## [BRIEF]
Would you write out every entry exactly, but without the pictures?

(Data extracted from a collection)
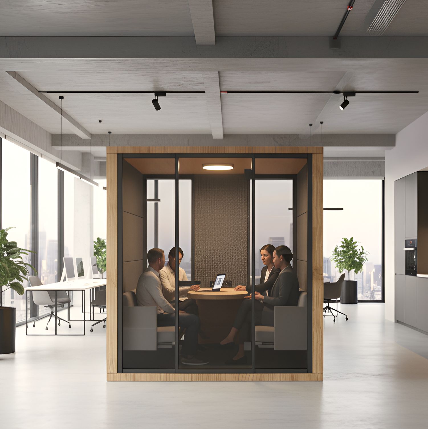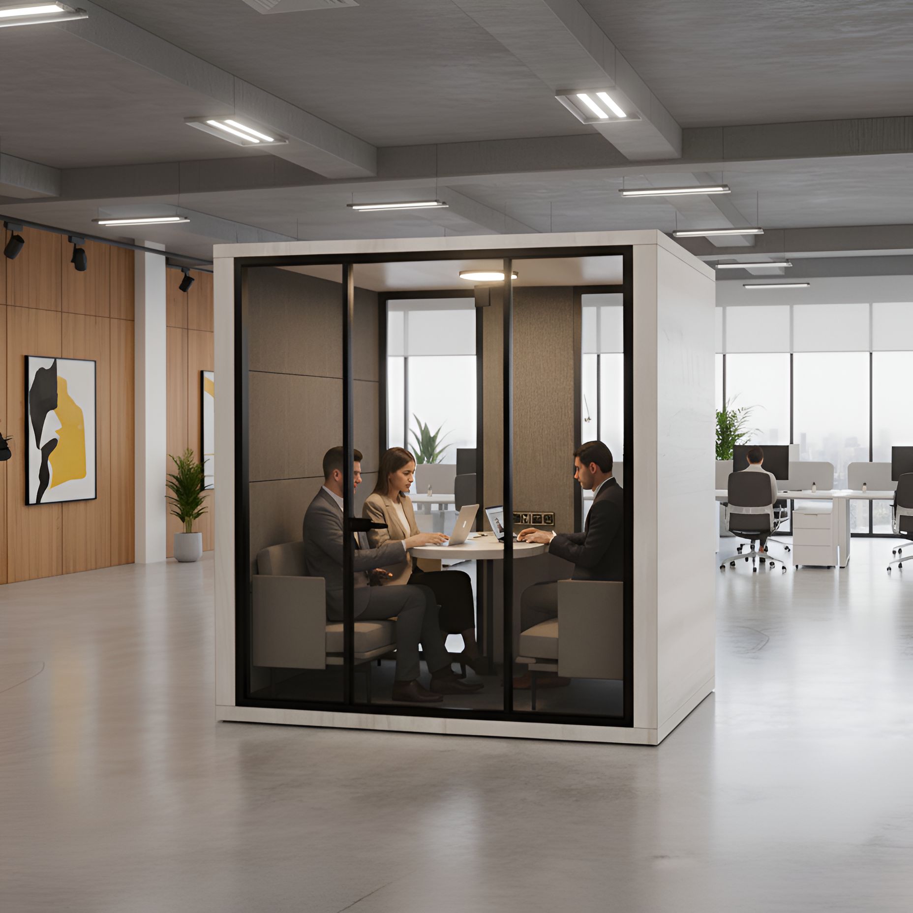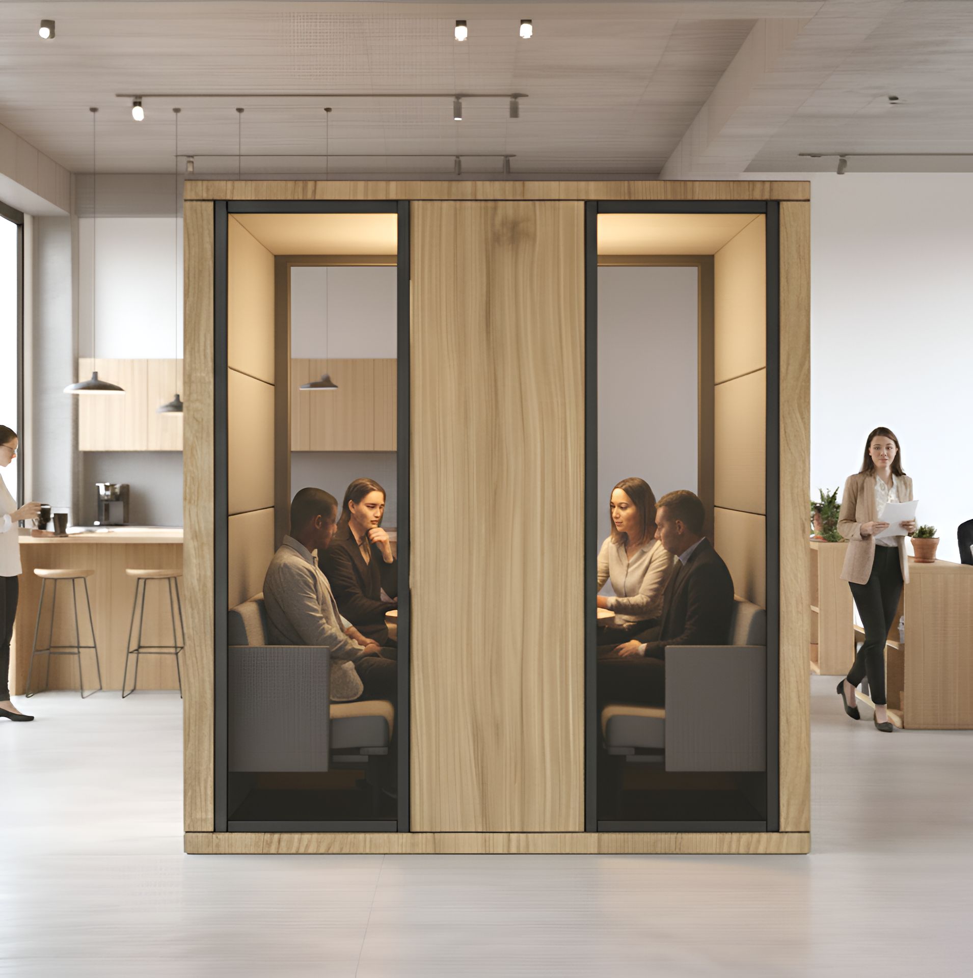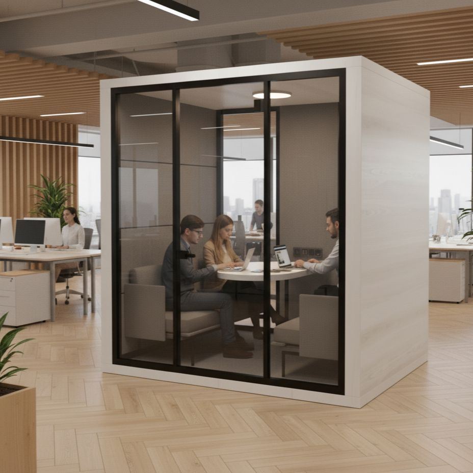 Designed for open offices and noisy environments, the Double Acoustic Meeting Booth provides a quiet and comfortable space, ideal for individual work or small meetings with two, three, or even four people — all away from external noise and distractions.
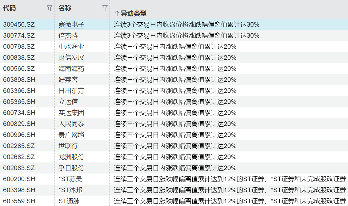 连续异动个股一览
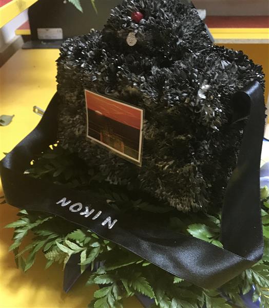 3d camera place on a cushion 14”base with sash and small corsage of flowers to the side. Camera size 10” x 7 “ approx
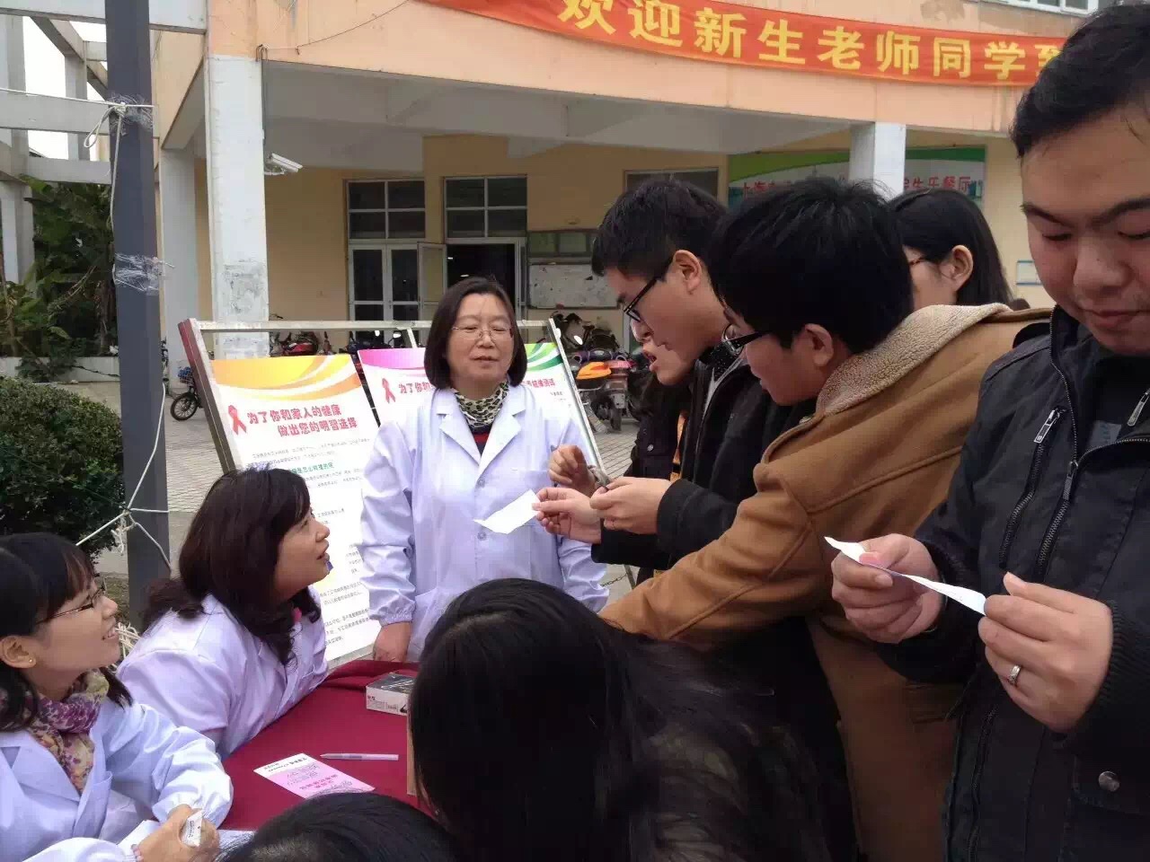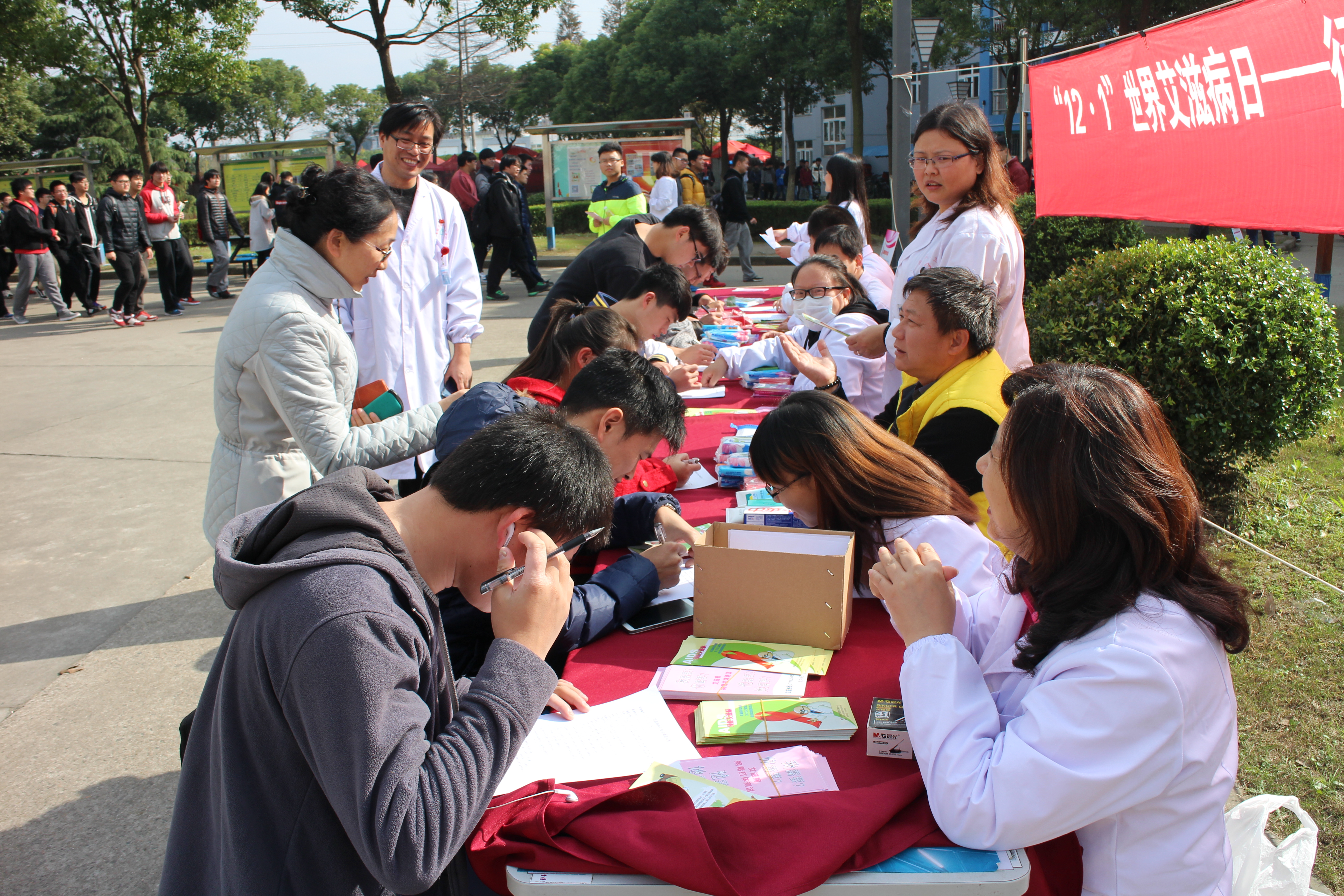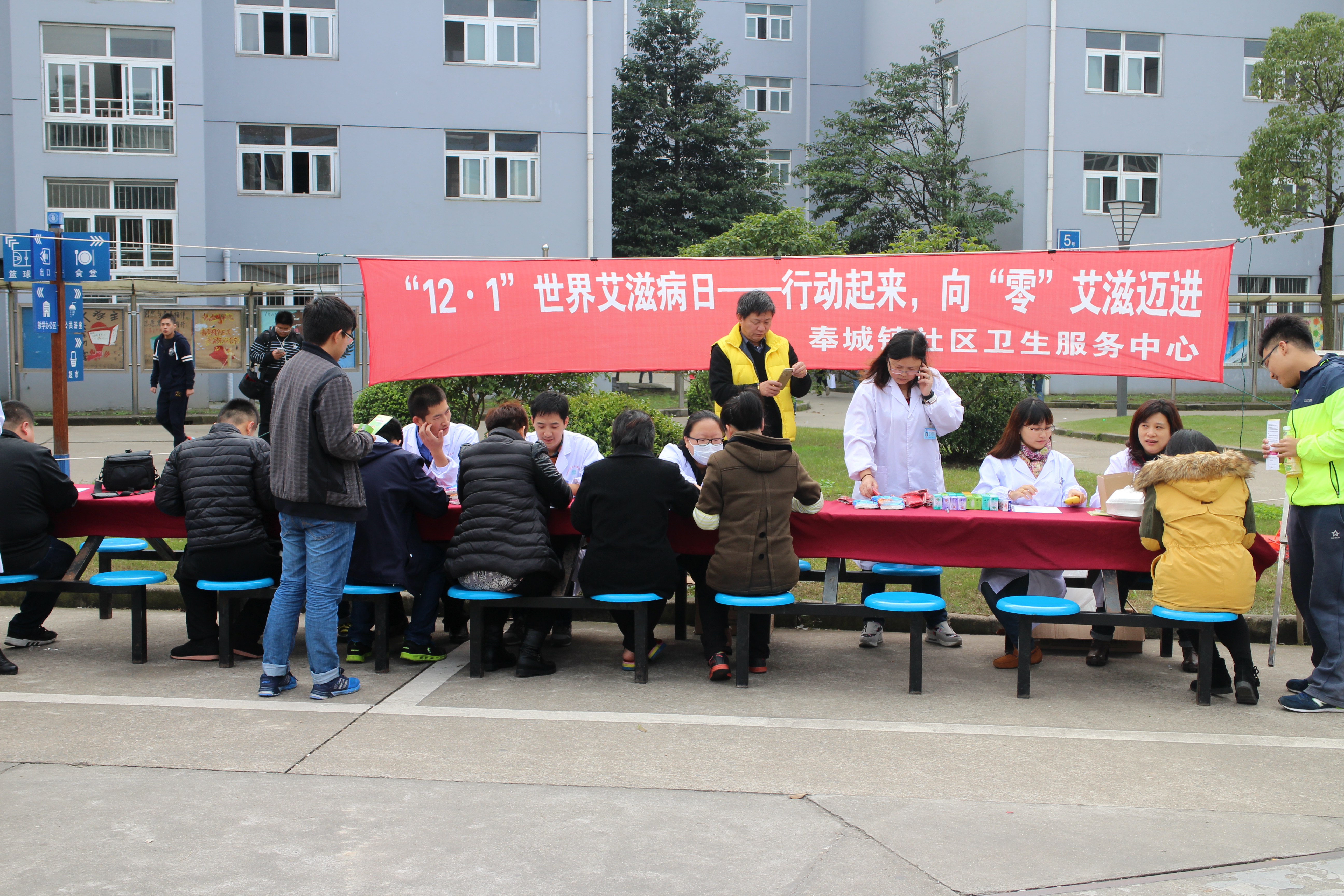 今年12月1日是第28个“世界艾滋病日”,为了加强防治艾滋病的宣传,普及预防艾滋病的科学知识,我们邀请奉城社区卫生院的医生进校园与我们后勤保障处医务室的医生一起开展了艾滋病宣传活动。
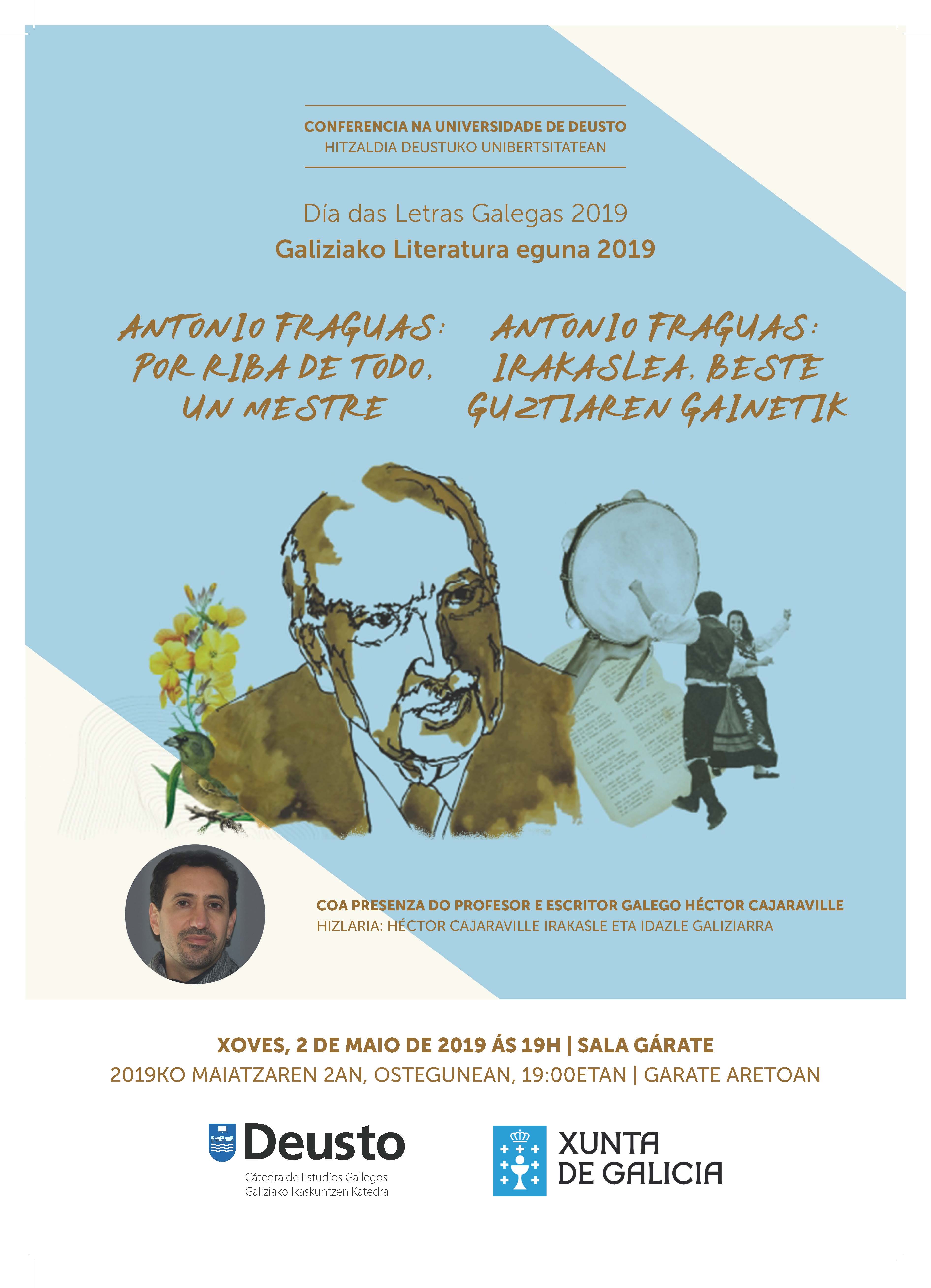 O Centro de Estudos Galegos de Deusto convida a Héctor Cajaraville a falarlle ao alumnado de galego e a todo o público interesado de Antonio Fraguas Fraguas, a quen se lle dedica o Día das Letras Galegas 2019

## [THE ANSWER]
 Designed for open offices and noisy environments, the Double Acoustic Meeting Booth provides a quiet and comfortable space, ideal for individual work or small meetings with two, three, or even four people — all away from external noise and distractions.
 连续异动个股一览
 3d camera place on a cushion 14”base with sash and small corsage of flowers to the side. Camera size 10” x 7 “ approx
 今年12月1日是第28个“世界艾滋病日”,为了加强防治艾滋病的宣传,普及预防艾滋病的科学知识,我们邀请奉城社区卫生院的医生进校园与我们后勤保障处医务室的医生一起开展了艾滋病宣传活动。
 O Centro de Estudos Galegos de Deusto convida a Héctor Cajaraville a falarlle ao alumnado de galego e a todo o público interesado de Antonio Fraguas Fraguas, a quen se lle dedica o Día das Letras Galegas 2019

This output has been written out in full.